# Eclsts 2020



## Naptowneng (Jun 14, 2010)

All:

An update on ECLSTS 2020

I spoke with Dan at Star Hobby, and he confirmed that the show will be at the Timonium, MD state fairgrounds on

*13 and 14 March 2020*.

The new venue and dates are on the ECLSTS web site, but he had not yet had a chance to change all the York graphics

http://www.eclsts.com/

He is working on hotels to find a good rate, and I will try to keep in contact with him in that regard.


Jerry


----------



## Dave Meashey (Jan 2, 2008)

Hi Jerry;

I attended Steve King's battery/steam-up in Rocky Mount, VA yesterday. While there, I had a chat with Jim Stapleton regarding live steamers at the new venue. Jim used a very colorful term for the State of Maryland, and informed me that the state has some strange ideas and regulations regarding miniature steam apparatus. ( I won't repeat Jim's expression here. I only want to give information and not start a firestorm.) Jim is also concerned that the Fire Marshal having jurisdiction over the fairgrounds may not even allow us to light up in the hall.
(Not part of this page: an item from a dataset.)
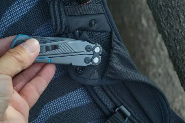 高弹性网袋,非常实用的一个设计。肩带上还留有一个狭长的快开高弹性网袋,登山时可以放点能量棒或者多功能钳,应急使用非常好。如果是城市通勤使用,我觉得可以放一支战术笔,这样可以非常方便取出来,平时不用也比较低调,不引人注意。官宣可以放一部手机,现在都是大屏机,压力还是非常大的。
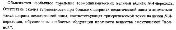 Объясняется необычное поведение термодинамических величин вблизи. ЛМ-перехода. Отсутствие сказка теплоемкости при больших ширинах нематической зоны и аномально узкая ширина нематической зоны, соответствующая трикритической точке на пинии Ν-Λ-переходов, обусловлены слабостью модуляции плотности вещества смектической "волной".

I thought I had better give the live steam enthusiasts a "heads up." Perhaps things will turn out better than expected. 

I have also attached a photo of Jason Kovac's scratch built DeWinton strutting its stuff yesterday.









Best Wishes,
David Meashey


----------



## Pete Thornton (Jan 2, 2008)

Jim has a very jaundiced view of the State of MD. We had a similar discussion about steam at the B&O RR Museum, as the ride-on guys would bring their trains and a portable track. 

Clem ran his Warrior Run layout with many live steamers running in the Cow Palace at the GSTS . I have lots of pics.


----------